Creating a graph with DR Graph is more complex then creating a picture with DR Draw. To create a graph the computer must convert supplied numbers and statistics into pictures or graphic representations. This requires a multitude of operations--the very things that computers do best. The more functions the computer is called upon to perform, however, the longer it takes to execute the task.

To build a relatively simple bar graph, for example, the computer first takes numerical data and establishes relational values. Next, it decides what scale to use to make the graph fit within the parameters you have specified--not to mention the paper or screen upon which it is to be displayed. Then it determines the size of the bars in relation to one another and places them on the screen. Next, it generates the characters for the labels, and so on. You can see why DR Graph is slow.

But it does produce good graphics. Its lack of speed discourages experimentation rather than use. To be happy with DR Graph, you must have a reasonably clear idea of what you want as a result almost before you begin the graphing process. And you will be happy with the result. It is important to keep your goal in mind, because until super fast graphics programs become commonplace, we will have to judge them by the results they offer rather than by the length of time it takes to achieve those results.

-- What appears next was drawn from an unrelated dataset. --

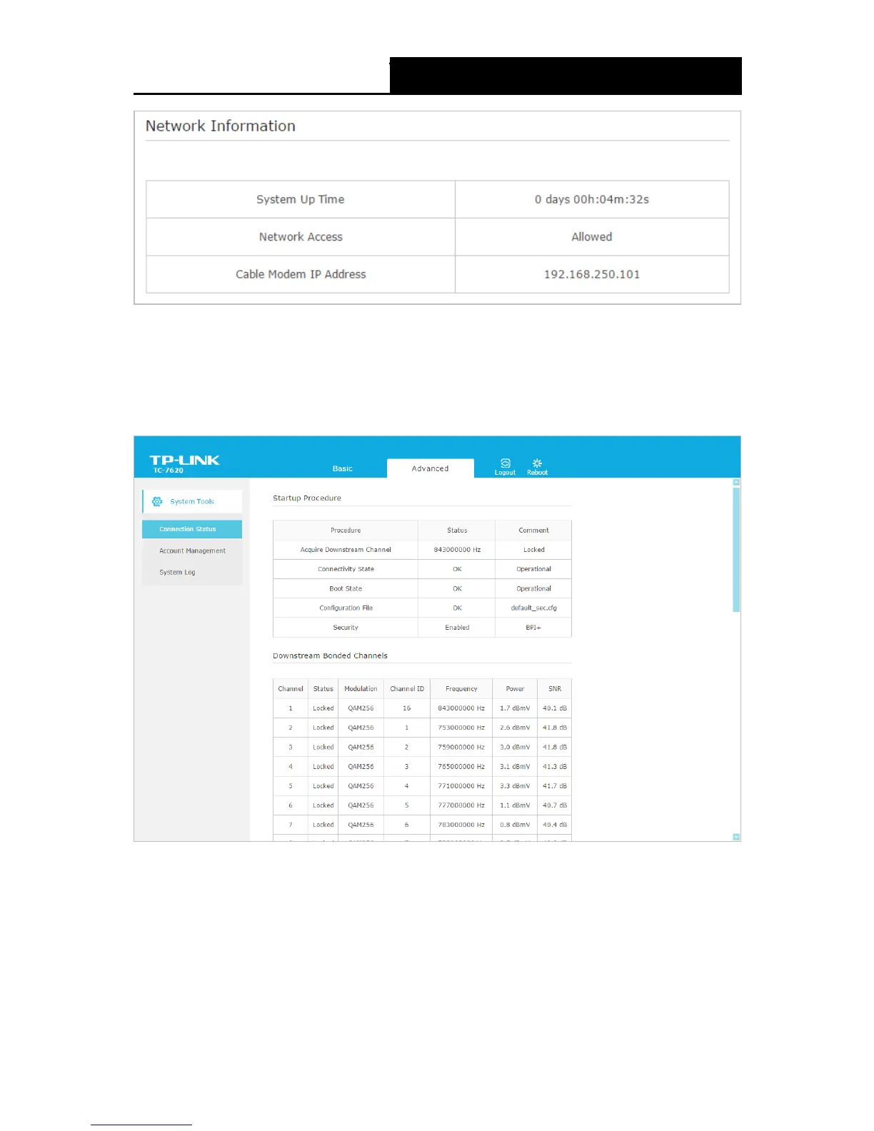 Under the Advanced menu, you can see the system tools, including the connection status,
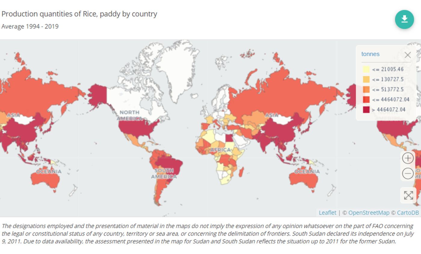 Met 600 miljoen geproduceerde ton per jaar behoort rijst tot de grote drie van het basisvoedsel, samen met tarwe en maïs. In tegenstelling tot die twee, wordt rijst echter slechts voor een klein deel verhandeld. De meeste rijst is voor eigen consumptie van de producent. Waar het gaat om het aantal geconsumeerde calorieën is rijst zelfs het belangrijkste voedsel: een vijfde van alle door mensen geconsumeerde calorieën ter wereld bestaat uit rijst.

Graph uses menus in much the same manner that Draw does. But whereas Draw is almost totally menu-oriented, Graph requires you to enter numerical statements and relational data. It is this entry of data that makes the documentation a welcome resource long after you have mastered the mechanics of program operation. The manual adequately defines terms and parameters and offers good examples of the causes and effects of most functions. The structure of the menus is consistent, so it is easy to flow from one function to another.

Dr Graph allows you to create line, clustered bar, stacked bar, step, stick, scatter, and combination graphs. Data can be entered via the keyboard or called from SuperCalc or VisiCalc files or from another graph.

You can control the size of both text and illustrations on your page. Four fonts are available--the resident device font, Simplex Roman, Duplex Roman, and Complex Italian. Other variables you can control include color, line thickness, and graph and page borders. Skillful use of the options results in high quality graphs suitable for the most exacting business and professional presentations.

Include with the DR Graph package are 128K and 192K versions of the software as well as a 192K version for systems with an 8087 coprocessor. Two disks of driver programs are also included. The documentation, like that of DR Draw, is excellent with a good glossary, detailed index, clear writing, and plenty of screen illustrations. Summary

Except for a few quirks, both programs run smoothly and produce fine results. The font and drive libraries make it relatively safe to assume compatibility with many hardware configurations.

If you are shopping for a business graphics program, be sure to include DR Graph and DR Draw on your list. Although lack of speed is not a problem to be taken lightly--neither are the benefits of ease of use and quality of result. Both programs are exceptionally easy to use and both produce excellent results.